▶ **AIM OF THE TASK**:
Your output should be the lines from the one containing "中海达以出众的自主研发能力、" through the end of the listing, exact and inclusive, with no pictures.

*** EXERCISE MATERIALS ***

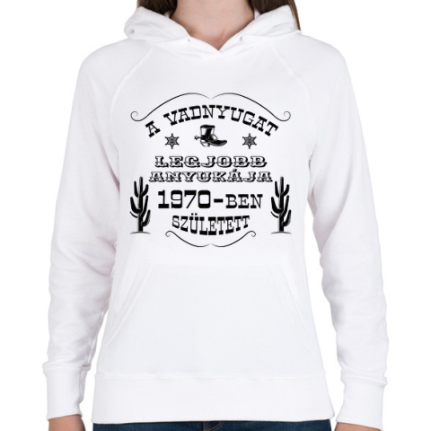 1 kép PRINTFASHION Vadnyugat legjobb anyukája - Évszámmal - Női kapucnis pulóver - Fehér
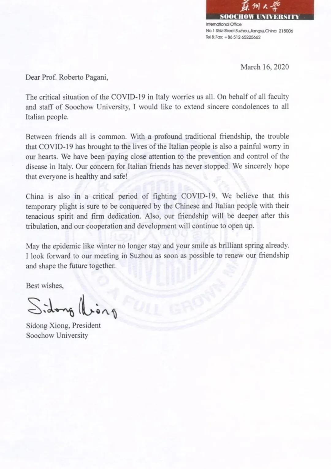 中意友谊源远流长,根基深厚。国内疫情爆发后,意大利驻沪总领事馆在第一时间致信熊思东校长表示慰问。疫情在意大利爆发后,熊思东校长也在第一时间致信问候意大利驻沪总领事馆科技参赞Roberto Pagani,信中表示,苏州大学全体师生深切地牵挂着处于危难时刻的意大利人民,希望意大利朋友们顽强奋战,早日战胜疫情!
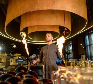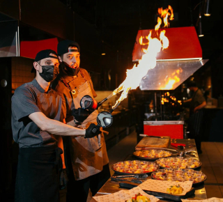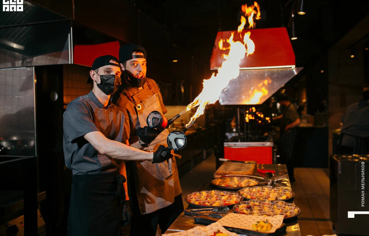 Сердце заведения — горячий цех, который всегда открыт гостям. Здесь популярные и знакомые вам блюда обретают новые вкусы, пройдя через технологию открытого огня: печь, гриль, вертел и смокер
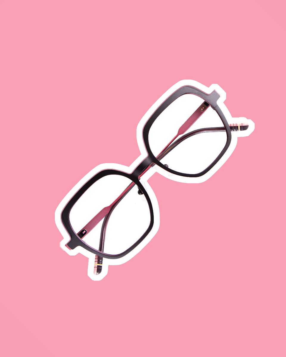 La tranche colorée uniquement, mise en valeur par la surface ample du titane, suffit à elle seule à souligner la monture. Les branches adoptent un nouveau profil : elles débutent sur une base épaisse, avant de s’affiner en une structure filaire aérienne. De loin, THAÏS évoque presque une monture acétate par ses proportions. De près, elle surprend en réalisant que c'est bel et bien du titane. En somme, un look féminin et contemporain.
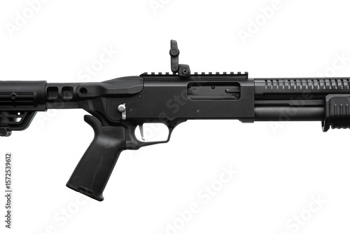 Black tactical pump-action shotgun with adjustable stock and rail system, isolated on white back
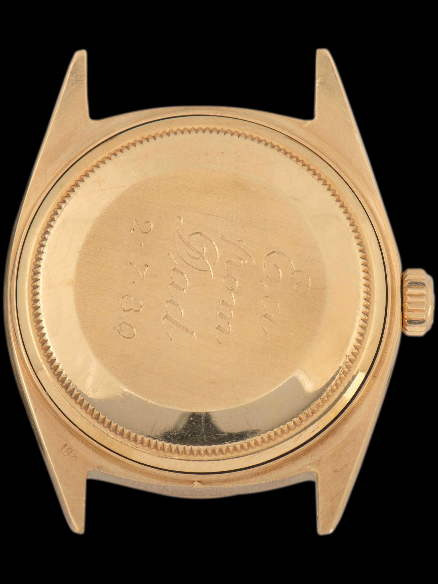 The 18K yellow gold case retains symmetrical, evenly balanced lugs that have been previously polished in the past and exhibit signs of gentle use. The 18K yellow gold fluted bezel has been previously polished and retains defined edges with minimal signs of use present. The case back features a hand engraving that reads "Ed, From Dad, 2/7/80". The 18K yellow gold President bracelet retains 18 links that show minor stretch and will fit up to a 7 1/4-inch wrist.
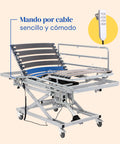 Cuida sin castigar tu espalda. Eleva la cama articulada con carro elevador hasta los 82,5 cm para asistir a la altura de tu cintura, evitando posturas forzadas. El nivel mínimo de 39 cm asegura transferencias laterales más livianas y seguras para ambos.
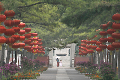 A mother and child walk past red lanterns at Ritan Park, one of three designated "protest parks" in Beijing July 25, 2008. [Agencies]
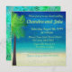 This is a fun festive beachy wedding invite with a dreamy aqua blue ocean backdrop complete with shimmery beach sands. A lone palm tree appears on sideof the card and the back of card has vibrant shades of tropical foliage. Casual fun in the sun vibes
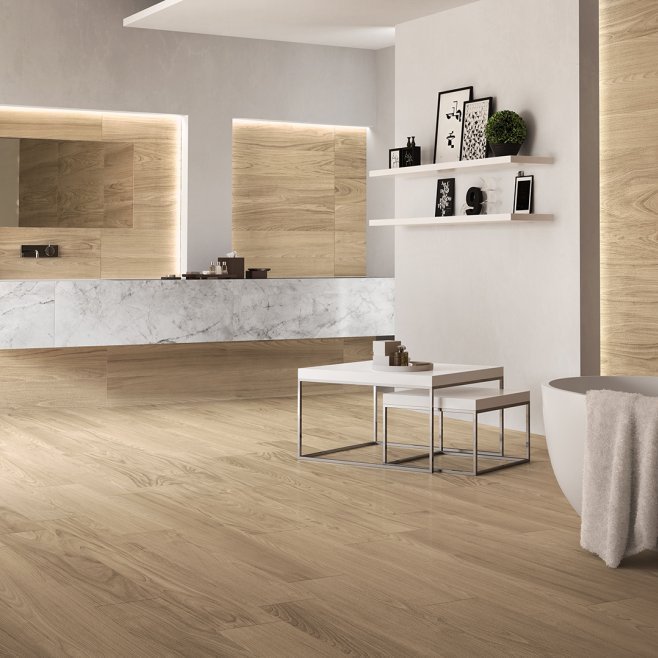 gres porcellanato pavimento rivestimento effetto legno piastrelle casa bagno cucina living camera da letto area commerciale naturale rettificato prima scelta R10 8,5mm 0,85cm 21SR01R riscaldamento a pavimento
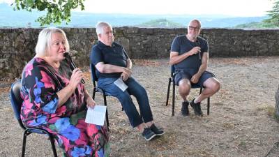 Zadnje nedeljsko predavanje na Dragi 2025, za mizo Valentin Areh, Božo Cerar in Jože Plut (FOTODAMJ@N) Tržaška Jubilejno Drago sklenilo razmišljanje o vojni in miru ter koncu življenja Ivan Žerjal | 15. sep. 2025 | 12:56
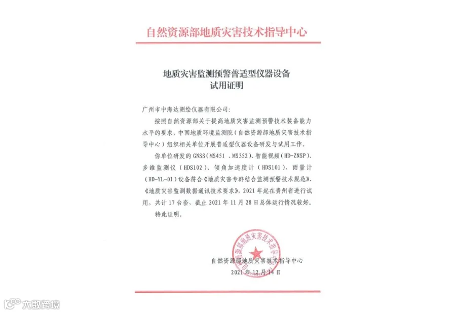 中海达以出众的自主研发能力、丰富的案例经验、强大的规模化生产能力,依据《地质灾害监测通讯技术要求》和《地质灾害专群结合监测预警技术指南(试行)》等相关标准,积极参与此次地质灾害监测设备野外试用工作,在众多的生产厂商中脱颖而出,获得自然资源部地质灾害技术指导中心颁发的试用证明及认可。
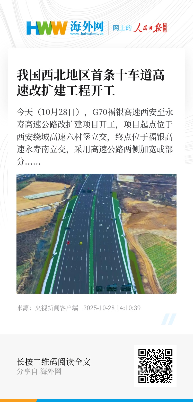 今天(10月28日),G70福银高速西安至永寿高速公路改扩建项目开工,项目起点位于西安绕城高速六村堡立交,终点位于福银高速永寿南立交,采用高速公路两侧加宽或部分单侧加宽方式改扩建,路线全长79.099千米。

*** End of EXERCISE MATERIALS ***

▶ **TASK SOLUTION**:
 中海达以出众的自主研发能力、丰富的案例经验、强大的规模化生产能力,依据《地质灾害监测通讯技术要求》和《地质灾害专群结合监测预警技术指南(试行)》等相关标准,积极参与此次地质灾害监测设备野外试用工作,在众多的生产厂商中脱颖而出,获得自然资源部地质灾害技术指导中心颁发的试用证明及认可。
 今天(10月28日),G70福银高速西安至永寿高速公路改扩建项目开工,项目起点位于西安绕城高速六村堡立交,终点位于福银高速永寿南立交,采用高速公路两侧加宽或部分单侧加宽方式改扩建,路线全长79.099千米。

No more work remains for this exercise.